In other words, no matter what McCain and the GOP BigOil cronies sing to you about how bad bad Russia is so mean and nasty and wrong, they are really just preventing further US/GOP/BigOil expansion in their Hemisphere. And expansion that WE and not they, initiated by “our” invasion of Iraq for purposes of oil.
Period.
They never would be in Georgia right now if it wasn't for “us”.
Sending battleships in with “aide” to the Georgian's in what Russia now considers its terrorial protectorate (again, thanks to “our” intial actions) is yet another glove-slap with a brick inside.
And it may be our last. Prepare your boys and girls to be drafted soon. If American troops die in this clearly orchestrated setup, we will “have” to retaliate..
And you know what that means. Forget cold war, this one's going to be hot…
Radioactive maybe..
You know Congress, it's really really time for you to cut your vacation short.
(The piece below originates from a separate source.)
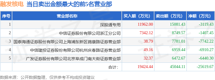 从龙虎榜公布的当日买卖数据来看,北向资金合计净卖出3119.43万元。

I really really really think you need to come back and rein this thing in before they finish us off for good.
At least the material and exerpts that started this thread don't include a contemporary nauseating idiocy I encountered when I lived in Maryland — a bunch of PC kiddies wanted to change the state's anthem because it's anti-PC or “pro-Confederate.”
The South had the right to leave the Union if it wanted. It lost to a much stronger power motivated by Manifest Destiny. We were a growing nation — no way would we tolerate the loss of _existing_ territory!
What dims the the South's secession in addition to the perpetuation of slavery was that it was not merely dispassionate self-interest, but because it was _selfish._ As Trollope (the younger) wrote, the South was happy to stay in the Union so long as it remained the more or most powerful part of it and would get its way. (It was New Englanders who first had considered secession, during the War of 1812, while Southerners like Calhoun who were Unionists of the early 1800s. Those who already know their history well enough also can recall the “Virginia Dynasty” as well as Southern influence in the location of the federal government.) In earlier years, the South had its way, and it chose to stay in the Union. Once it saw its power and influence permanently diminished and held by the “Roundheads,” they, the “Cavaliers,” chose (finally) to leave.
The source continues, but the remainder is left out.